(Beginning of Exercise materials)
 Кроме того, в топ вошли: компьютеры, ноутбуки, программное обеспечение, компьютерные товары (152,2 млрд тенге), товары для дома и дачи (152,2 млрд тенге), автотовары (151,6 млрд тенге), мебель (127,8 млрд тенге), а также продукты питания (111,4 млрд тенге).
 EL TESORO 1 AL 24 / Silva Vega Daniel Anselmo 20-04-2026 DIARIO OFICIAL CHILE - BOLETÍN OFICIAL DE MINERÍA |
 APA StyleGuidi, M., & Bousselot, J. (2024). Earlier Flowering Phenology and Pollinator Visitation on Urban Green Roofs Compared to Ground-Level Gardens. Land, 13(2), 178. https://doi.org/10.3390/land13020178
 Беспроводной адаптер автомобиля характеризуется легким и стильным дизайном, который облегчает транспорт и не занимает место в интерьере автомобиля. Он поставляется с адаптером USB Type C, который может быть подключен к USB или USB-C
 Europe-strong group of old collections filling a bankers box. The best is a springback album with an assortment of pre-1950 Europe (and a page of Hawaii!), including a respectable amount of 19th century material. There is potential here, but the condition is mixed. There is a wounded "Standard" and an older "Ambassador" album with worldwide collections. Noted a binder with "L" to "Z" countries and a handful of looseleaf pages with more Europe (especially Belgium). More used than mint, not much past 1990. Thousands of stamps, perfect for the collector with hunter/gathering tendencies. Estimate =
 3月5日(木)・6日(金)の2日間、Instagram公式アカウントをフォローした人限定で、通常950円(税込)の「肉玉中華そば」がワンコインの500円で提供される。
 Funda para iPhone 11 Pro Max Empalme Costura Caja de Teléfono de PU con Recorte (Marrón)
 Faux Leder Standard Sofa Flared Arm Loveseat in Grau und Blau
(End of Exercise materials)
_Brief:_ Retype the line containing "EL TESORO 1" and each line after it through the end of the listing, exactly, leaving out everything else.

_Answer area:_
 EL TESORO 1 AL 24 / Silva Vega Daniel Anselmo 20-04-2026 DIARIO OFICIAL CHILE - BOLETÍN OFICIAL DE MINERÍA |
 APA StyleGuidi, M., & Bousselot, J. (2024). Earlier Flowering Phenology and Pollinator Visitation on Urban Green Roofs Compared to Ground-Level Gardens. Land, 13(2), 178. https://doi.org/10.3390/land13020178
 Беспроводной адаптер автомобиля характеризуется легким и стильным дизайном, который облегчает транспорт и не занимает место в интерьере автомобиля. Он поставляется с адаптером USB Type C, который может быть подключен к USB или USB-C
 Europe-strong group of old collections filling a bankers box. The best is a springback album with an assortment of pre-1950 Europe (and a page of Hawaii!), including a respectable amount of 19th century material. There is potential here, but the condition is mixed. There is a wounded "Standard" and an older "Ambassador" album with worldwide collections. Noted a binder with "L" to "Z" countries and a handful of looseleaf pages with more Europe (especially Belgium). More used than mint, not much past 1990. Thousands of stamps, perfect for the collector with hunter/gathering tendencies. Estimate =
 3月5日(木)・6日(金)の2日間、Instagram公式アカウントをフォローした人限定で、通常950円(税込)の「肉玉中華そば」がワンコインの500円で提供される。
 Funda para iPhone 11 Pro Max Empalme Costura Caja de Teléfono de PU con Recorte (Marrón)
 Faux Leder Standard Sofa Flared Arm Loveseat in Grau und Blau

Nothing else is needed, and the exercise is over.